━━━ SUPPLIED RECORDS

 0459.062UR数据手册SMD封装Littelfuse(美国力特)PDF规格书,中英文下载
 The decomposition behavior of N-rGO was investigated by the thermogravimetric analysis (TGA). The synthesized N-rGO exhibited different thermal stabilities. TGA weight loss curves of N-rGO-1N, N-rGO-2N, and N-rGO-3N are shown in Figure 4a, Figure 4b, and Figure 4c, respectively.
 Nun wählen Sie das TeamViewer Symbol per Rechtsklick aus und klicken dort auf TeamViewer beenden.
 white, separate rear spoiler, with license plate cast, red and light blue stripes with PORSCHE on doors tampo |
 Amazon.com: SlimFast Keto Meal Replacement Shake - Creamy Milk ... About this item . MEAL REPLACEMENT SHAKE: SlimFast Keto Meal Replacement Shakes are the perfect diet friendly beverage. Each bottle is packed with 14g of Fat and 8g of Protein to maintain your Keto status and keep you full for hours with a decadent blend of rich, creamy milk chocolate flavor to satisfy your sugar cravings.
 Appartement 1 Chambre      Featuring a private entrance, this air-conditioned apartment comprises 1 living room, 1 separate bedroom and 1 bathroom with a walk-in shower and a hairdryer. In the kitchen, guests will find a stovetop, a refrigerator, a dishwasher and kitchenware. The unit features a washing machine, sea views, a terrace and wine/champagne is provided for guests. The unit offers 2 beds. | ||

━━━━━━
━━━ SUPPLIED RECORDS

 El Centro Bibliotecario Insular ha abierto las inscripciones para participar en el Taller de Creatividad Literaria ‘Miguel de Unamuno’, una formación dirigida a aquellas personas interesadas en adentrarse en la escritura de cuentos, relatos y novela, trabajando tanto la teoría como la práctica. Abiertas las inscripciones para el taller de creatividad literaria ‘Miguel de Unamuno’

━━━━━━

### WHAT IS BEING ASKED
Could you filter the material above and copy each line that holds the word "with"?

### RESULT
 white, separate rear spoiler, with license plate cast, red and light blue stripes with PORSCHE on doors tampo |
 Amazon.com: SlimFast Keto Meal Replacement Shake - Creamy Milk ... About this item . MEAL REPLACEMENT SHAKE: SlimFast Keto Meal Replacement Shakes are the perfect diet friendly beverage. Each bottle is packed with 14g of Fat and 8g of Protein to maintain your Keto status and keep you full for hours with a decadent blend of rich, creamy milk chocolate flavor to satisfy your sugar cravings.
 Appartement 1 Chambre      Featuring a private entrance, this air-conditioned apartment comprises 1 living room, 1 separate bedroom and 1 bathroom with a walk-in shower and a hairdryer. In the kitchen, guests will find a stovetop, a refrigerator, a dishwasher and kitchenware. The unit features a washing machine, sea views, a terrace and wine/champagne is provided for guests. The unit offers 2 beds. | ||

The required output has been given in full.